Provided entries>
====================
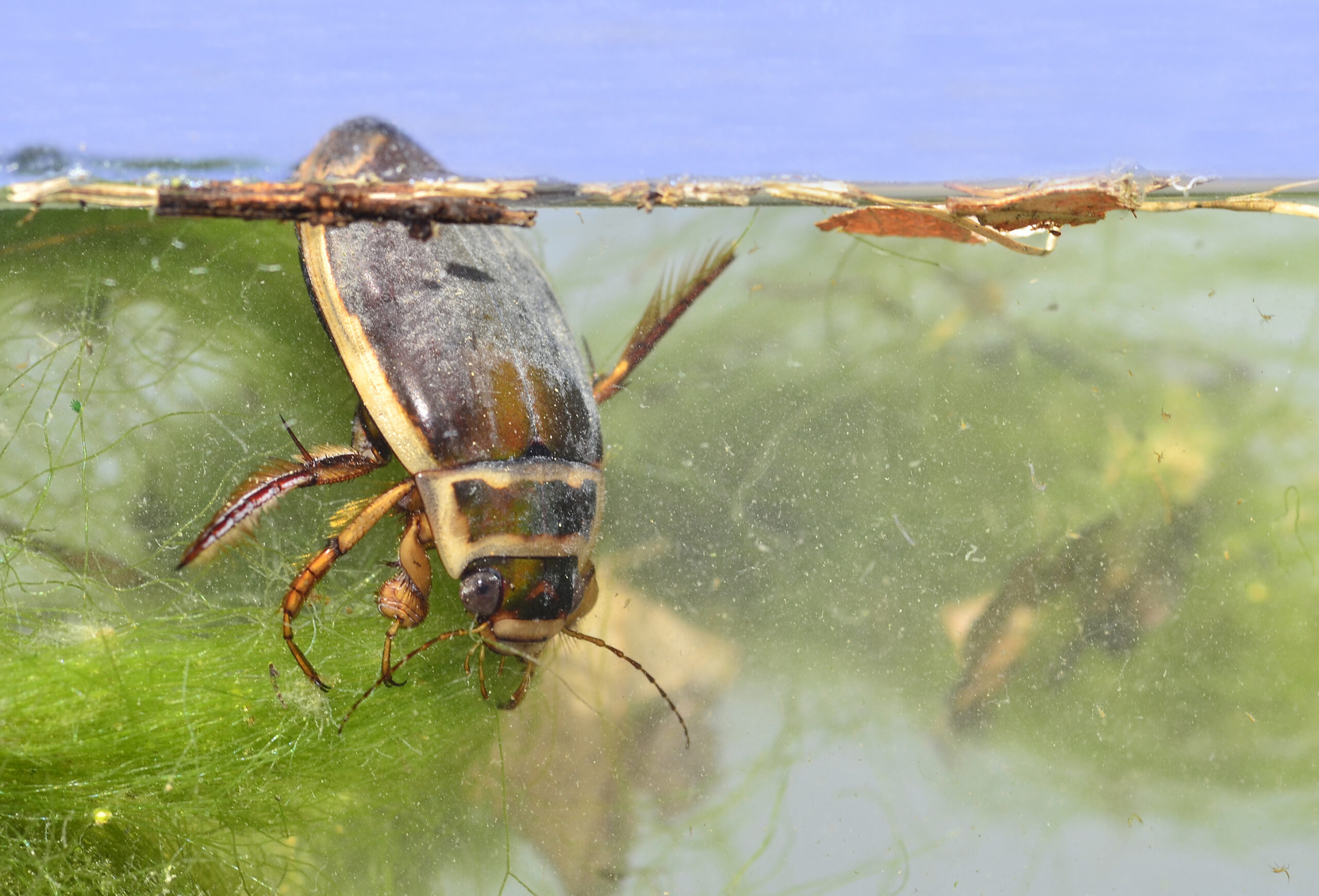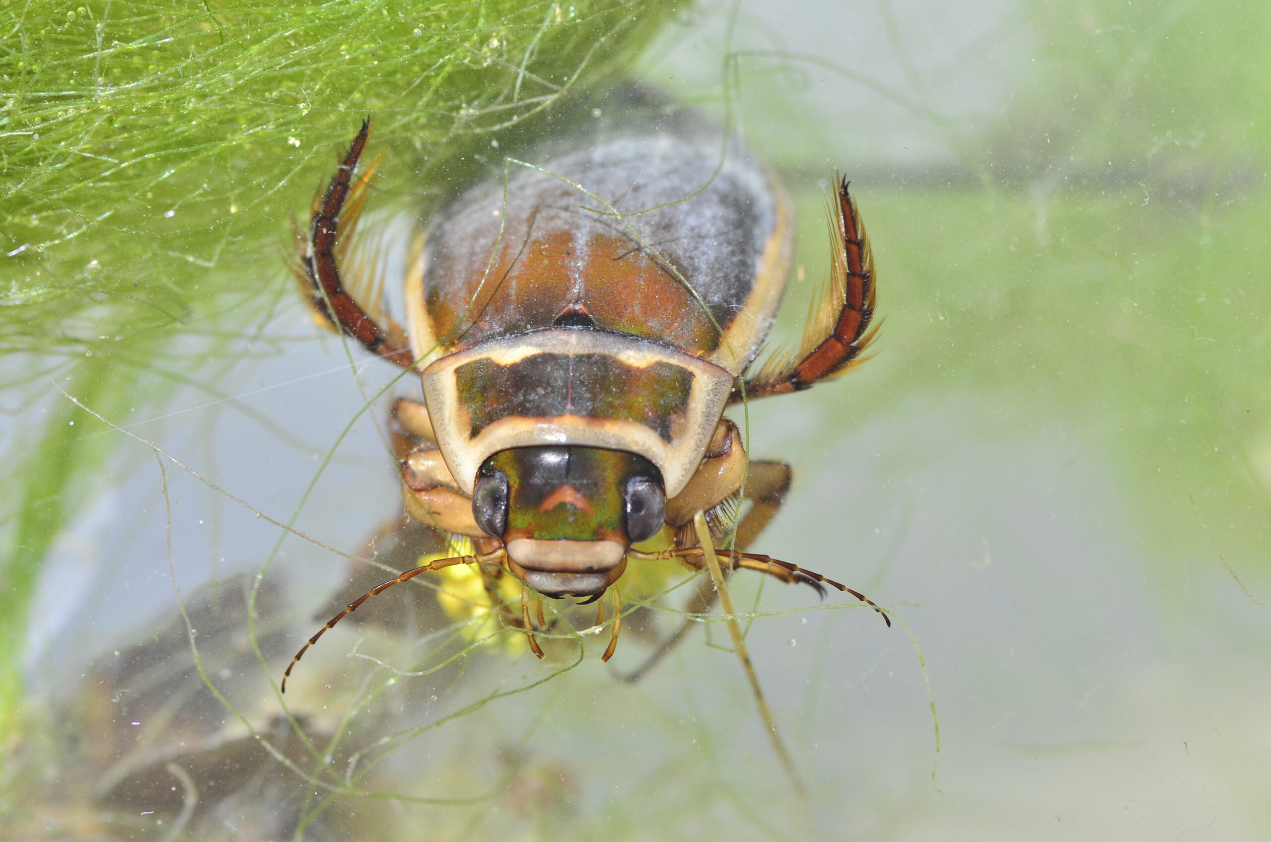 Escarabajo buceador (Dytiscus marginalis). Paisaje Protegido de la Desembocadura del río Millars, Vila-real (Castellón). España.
====================
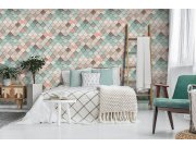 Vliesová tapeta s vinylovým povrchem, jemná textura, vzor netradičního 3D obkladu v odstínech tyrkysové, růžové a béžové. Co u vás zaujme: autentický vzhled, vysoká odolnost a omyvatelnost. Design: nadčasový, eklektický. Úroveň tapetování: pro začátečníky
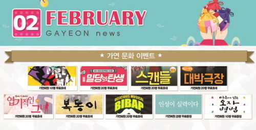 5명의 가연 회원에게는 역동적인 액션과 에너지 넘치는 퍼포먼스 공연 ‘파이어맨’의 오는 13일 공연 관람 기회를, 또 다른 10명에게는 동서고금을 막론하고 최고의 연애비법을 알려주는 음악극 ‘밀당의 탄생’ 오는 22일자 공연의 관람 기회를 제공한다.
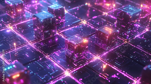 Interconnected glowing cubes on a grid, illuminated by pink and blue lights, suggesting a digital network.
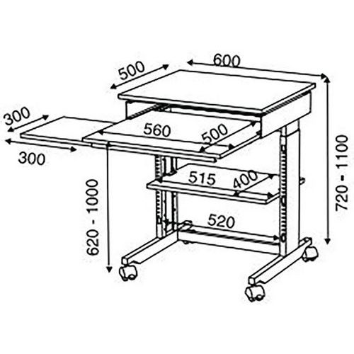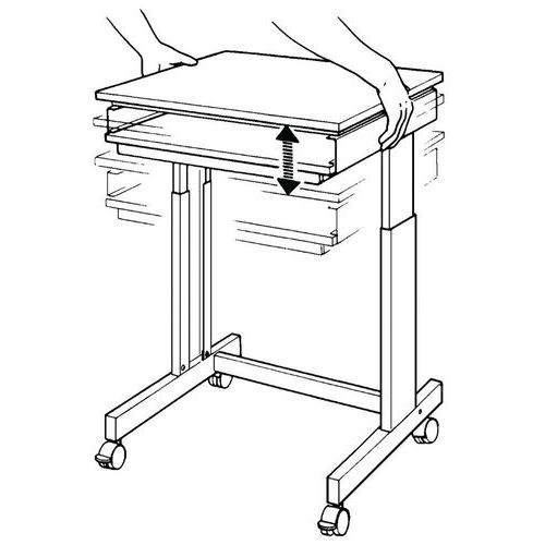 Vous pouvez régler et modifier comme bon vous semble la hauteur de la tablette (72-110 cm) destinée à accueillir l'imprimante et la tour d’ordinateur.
====================
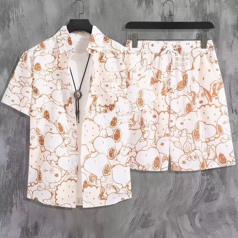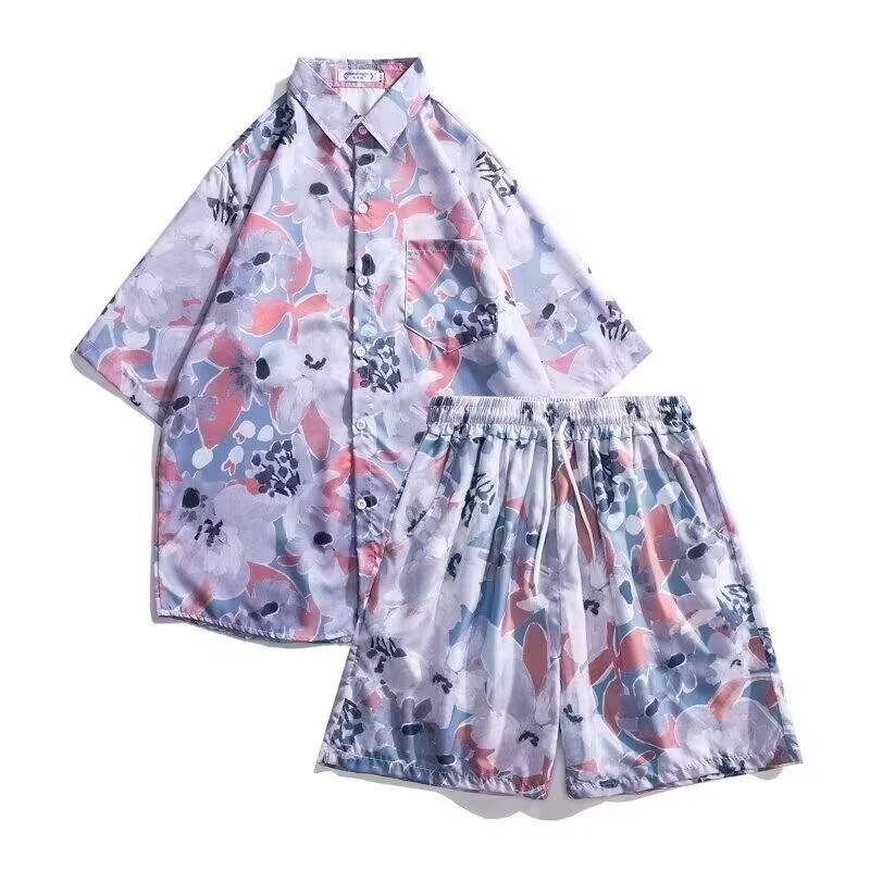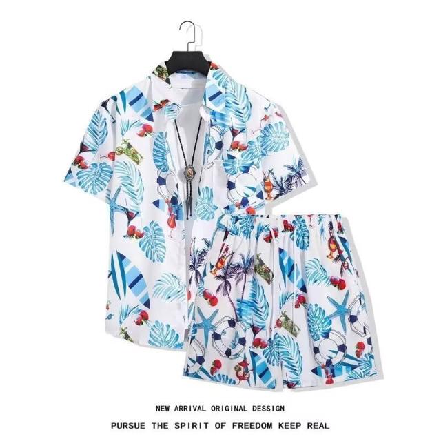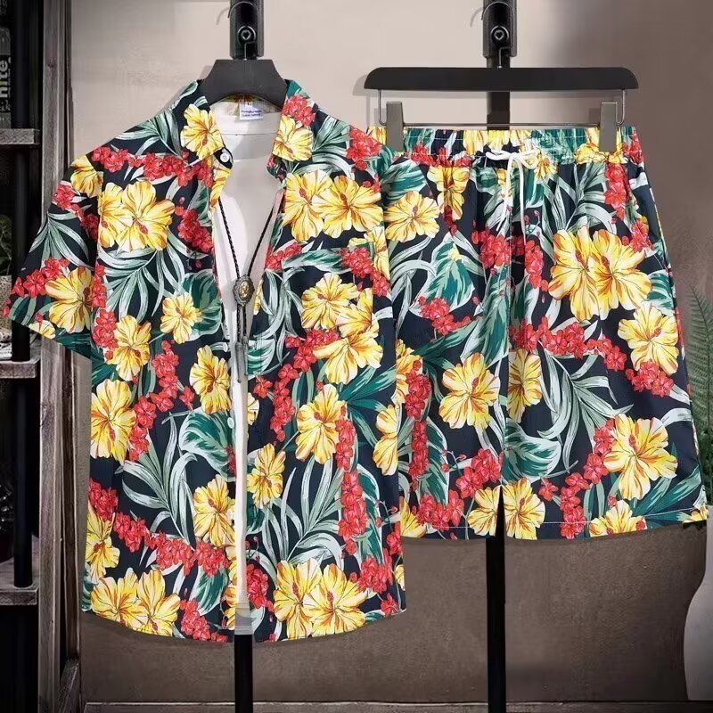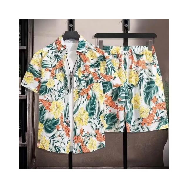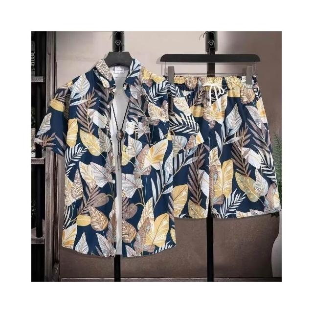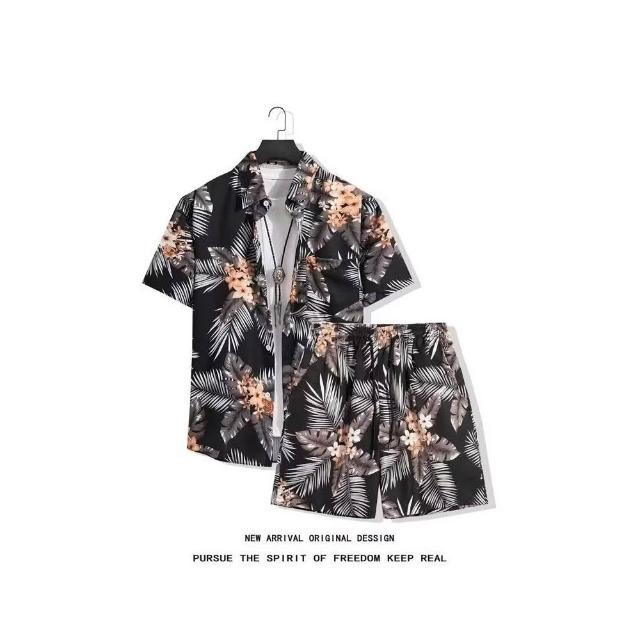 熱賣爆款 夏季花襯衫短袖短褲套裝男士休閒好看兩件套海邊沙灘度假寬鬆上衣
====================
Write down exactly what the lines above say, from the line holding "Vliesová tapeta s" through the line holding "Vous pouvez régler", and nothing more. Do not copy the pictures.

 Vliesová tapeta s vinylovým povrchem, jemná textura, vzor netradičního 3D obkladu v odstínech tyrkysové, růžové a béžové. Co u vás zaujme: autentický vzhled, vysoká odolnost a omyvatelnost. Design: nadčasový, eklektický. Úroveň tapetování: pro začátečníky
 5명의 가연 회원에게는 역동적인 액션과 에너지 넘치는 퍼포먼스 공연 ‘파이어맨’의 오는 13일 공연 관람 기회를, 또 다른 10명에게는 동서고금을 막론하고 최고의 연애비법을 알려주는 음악극 ‘밀당의 탄생’ 오는 22일자 공연의 관람 기회를 제공한다.
 Interconnected glowing cubes on a grid, illuminated by pink and blue lights, suggesting a digital network.
 Vous pouvez régler et modifier comme bon vous semble la hauteur de la tablette (72-110 cm) destinée à accueillir l'imprimante et la tour d’ordinateur.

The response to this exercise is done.